Within the listing below, show every line that contains the word "Religion".

* [Exercise material]:
◇ ◇ ◇ ◇
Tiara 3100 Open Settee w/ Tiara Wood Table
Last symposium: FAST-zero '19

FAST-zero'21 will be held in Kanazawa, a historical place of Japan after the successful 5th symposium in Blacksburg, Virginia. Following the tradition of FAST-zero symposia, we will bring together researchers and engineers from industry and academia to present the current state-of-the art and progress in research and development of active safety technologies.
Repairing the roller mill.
◇ ◇ ◇ ◇
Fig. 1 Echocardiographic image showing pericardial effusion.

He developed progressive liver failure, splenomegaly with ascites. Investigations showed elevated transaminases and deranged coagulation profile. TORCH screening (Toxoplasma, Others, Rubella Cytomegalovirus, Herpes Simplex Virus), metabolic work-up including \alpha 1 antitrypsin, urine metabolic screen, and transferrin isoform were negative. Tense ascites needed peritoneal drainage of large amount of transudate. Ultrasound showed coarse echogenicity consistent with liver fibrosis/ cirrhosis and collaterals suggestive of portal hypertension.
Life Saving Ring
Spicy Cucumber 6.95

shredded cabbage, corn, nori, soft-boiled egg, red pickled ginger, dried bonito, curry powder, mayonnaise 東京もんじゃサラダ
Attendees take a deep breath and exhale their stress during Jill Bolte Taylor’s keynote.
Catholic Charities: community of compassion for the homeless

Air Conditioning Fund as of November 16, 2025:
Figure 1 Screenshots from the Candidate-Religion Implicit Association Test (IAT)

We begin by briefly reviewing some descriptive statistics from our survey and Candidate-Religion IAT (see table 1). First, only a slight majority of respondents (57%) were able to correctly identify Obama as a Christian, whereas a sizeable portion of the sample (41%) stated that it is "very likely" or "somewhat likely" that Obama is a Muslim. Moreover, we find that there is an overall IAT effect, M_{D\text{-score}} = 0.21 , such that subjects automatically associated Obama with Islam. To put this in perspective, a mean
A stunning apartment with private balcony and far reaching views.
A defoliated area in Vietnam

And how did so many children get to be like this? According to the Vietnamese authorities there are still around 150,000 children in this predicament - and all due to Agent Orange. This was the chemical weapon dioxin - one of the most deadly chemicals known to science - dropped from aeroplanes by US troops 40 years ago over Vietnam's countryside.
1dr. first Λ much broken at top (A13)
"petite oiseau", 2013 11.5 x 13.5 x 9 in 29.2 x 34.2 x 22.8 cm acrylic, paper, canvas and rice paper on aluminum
◇ ◇ ◇ ◇
* [Exercise answer]:
Figure 1 Screenshots from the Candidate-Religion Implicit Association Test (IAT)
We begin by briefly reviewing some descriptive statistics from our survey and Candidate-Religion IAT (see table 1). First, only a slight majority of respondents (57%) were able to correctly identify Obama as a Christian, whereas a sizeable portion of the sample (41%) stated that it is "very likely" or "somewhat likely" that Obama is a Muslim. Moreover, we find that there is an overall IAT effect, M_{D\text{-score}} = 0.21 , such that subjects automatically associated Obama with Islam. To put this in perspective, a mean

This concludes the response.